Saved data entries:
##############################

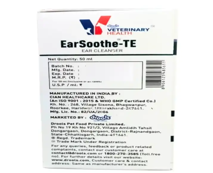 Drools Earsoothe TE Ear Cleanser is a specially formulated veterinary ear hygiene solution designed to support clean, healthy ears in both dogs & cats, regular ear cleaning is essential for pets prone to wax buildup, unpleasant odor, itching, or recurrent ear discomfort, this Drools Earsoothe TE Ear Cleanser gentle yet effective cleanser helps dissolve excess wax, remove trapped debris, and soothe sensitive ear canals without causing irritation, Suitable for routine use as well as supportive care during ear treatment protocols, Drools Earsoothe TE Ear Cleanser is ideal for pets with floppy ears, active outdoor lifestyles, or breeds known to experience frequent ear issues the formula is non-stinging, pet-friendly, and easy to apply, Drools Earsoothe TE Ear Cleanser making ear care stress-free for both pets and pet parents.
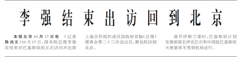 10月17日,国务院总理李强在结束对巴基斯坦的正式访问并出席上海合作组织成员国政府首脑(总理)理事会第二十三次会议后,乘包机回到北京。(今日《人民日报》1版)
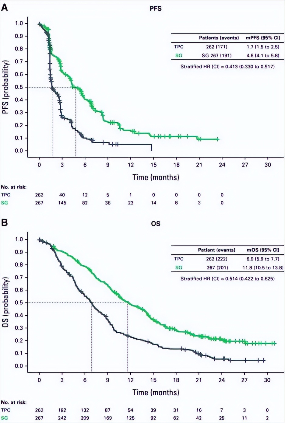 目前戈沙妥珠单抗已经国内外广泛应用,并取得了一系列真实世界研究结果。美国一项真实世界研究回顾了230例使用戈沙妥珠单抗作为二线及以上治疗的TNBC患者数据,结果显示,戈沙妥珠单抗作为二线治疗时中位真实世界总生存期(rwOS)为13.9个月,24个月rwOS率为32%;作为三线治疗时,中位rwOS为8.4个月,24个月rwOS率为20%[15]。意大利的SARELIFE研究纳入了27家中心121例患者,戈沙妥珠单抗中位3线治疗TNBC的mOS为14.1个月[16]。西班牙的SACISUR研究纳则入了159例TNBC患者,使用戈沙妥珠单抗单药中位4线治疗的mOS为10.5个月[17]
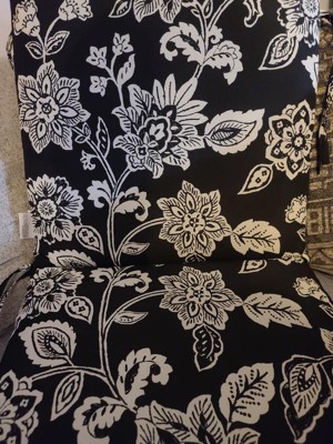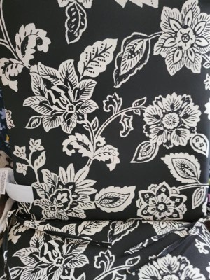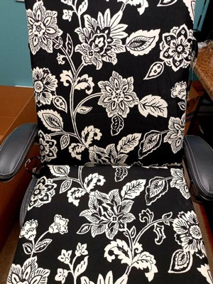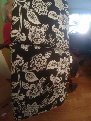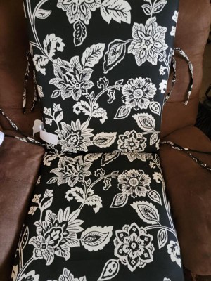 [This review was collected as part of a promotion.] This cushion is such a nice black and flower pattern. The cushion fits great on my dining room chair. It has a great high back that is very comfortable to put your back on. The seat cushion is nice and firm for sitting a long time. The ties on the back help to hold the cushion in place. I truly love sitting on my chair now.
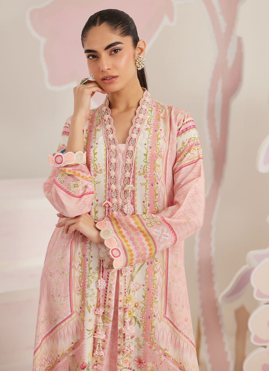 The gentle play of pastel florals and borders enhances the kaftan’s natural fall, making it a versatile choice for festive occasions where comfort and sophistication go hand in hand. Easy to wear yet thoughtfully detailed, Aurette is a statement piece that feels composed, graceful, and unmistakably elevated.
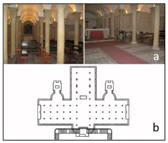 Photos (a) and plan (b) of the crypt under the transept of Lecce Cathedral.
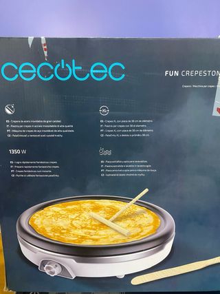 Cecotec Fun Crepe XL con placa de 38 cm de diámetro. Totalmente NUEVA, sin usar. - Placa de acero inoxidable de gran calidad. - Placa extraíble y apta para lavavajillas. - Potencia de 1350 W.

##############################

Brief: The result should be a verbatim copy of the data, free of pictures.

Output for this task:
 Drools Earsoothe TE Ear Cleanser is a specially formulated veterinary ear hygiene solution designed to support clean, healthy ears in both dogs & cats, regular ear cleaning is essential for pets prone to wax buildup, unpleasant odor, itching, or recurrent ear discomfort, this Drools Earsoothe TE Ear Cleanser gentle yet effective cleanser helps dissolve excess wax, remove trapped debris, and soothe sensitive ear canals without causing irritation, Suitable for routine use as well as supportive care during ear treatment protocols, Drools Earsoothe TE Ear Cleanser is ideal for pets with floppy ears, active outdoor lifestyles, or breeds known to experience frequent ear issues the formula is non-stinging, pet-friendly, and easy to apply, Drools Earsoothe TE Ear Cleanser making ear care stress-free for both pets and pet parents.
 10月17日,国务院总理李强在结束对巴基斯坦的正式访问并出席上海合作组织成员国政府首脑(总理)理事会第二十三次会议后,乘包机回到北京。(今日《人民日报》1版)
 目前戈沙妥珠单抗已经国内外广泛应用,并取得了一系列真实世界研究结果。美国一项真实世界研究回顾了230例使用戈沙妥珠单抗作为二线及以上治疗的TNBC患者数据,结果显示,戈沙妥珠单抗作为二线治疗时中位真实世界总生存期(rwOS)为13.9个月,24个月rwOS率为32%;作为三线治疗时,中位rwOS为8.4个月,24个月rwOS率为20%[15]。意大利的SARELIFE研究纳入了27家中心121例患者,戈沙妥珠单抗中位3线治疗TNBC的mOS为14.1个月[16]。西班牙的SACISUR研究纳则入了159例TNBC患者,使用戈沙妥珠单抗单药中位4线治疗的mOS为10.5个月[17]
 [This review was collected as part of a promotion.] This cushion is such a nice black and flower pattern. The cushion fits great on my dining room chair. It has a great high back that is very comfortable to put your back on. The seat cushion is nice and firm for sitting a long time. The ties on the back help to hold the cushion in place. I truly love sitting on my chair now.
 The gentle play of pastel florals and borders enhances the kaftan’s natural fall, making it a versatile choice for festive occasions where comfort and sophistication go hand in hand. Easy to wear yet thoughtfully detailed, Aurette is a statement piece that feels composed, graceful, and unmistakably elevated.
 Photos (a) and plan (b) of the crypt under the transept of Lecce Cathedral.
 Cecotec Fun Crepe XL con placa de 38 cm de diámetro. Totalmente NUEVA, sin usar. - Placa de acero inoxidable de gran calidad. - Placa extraíble y apta para lavavajillas. - Potencia de 1350 W.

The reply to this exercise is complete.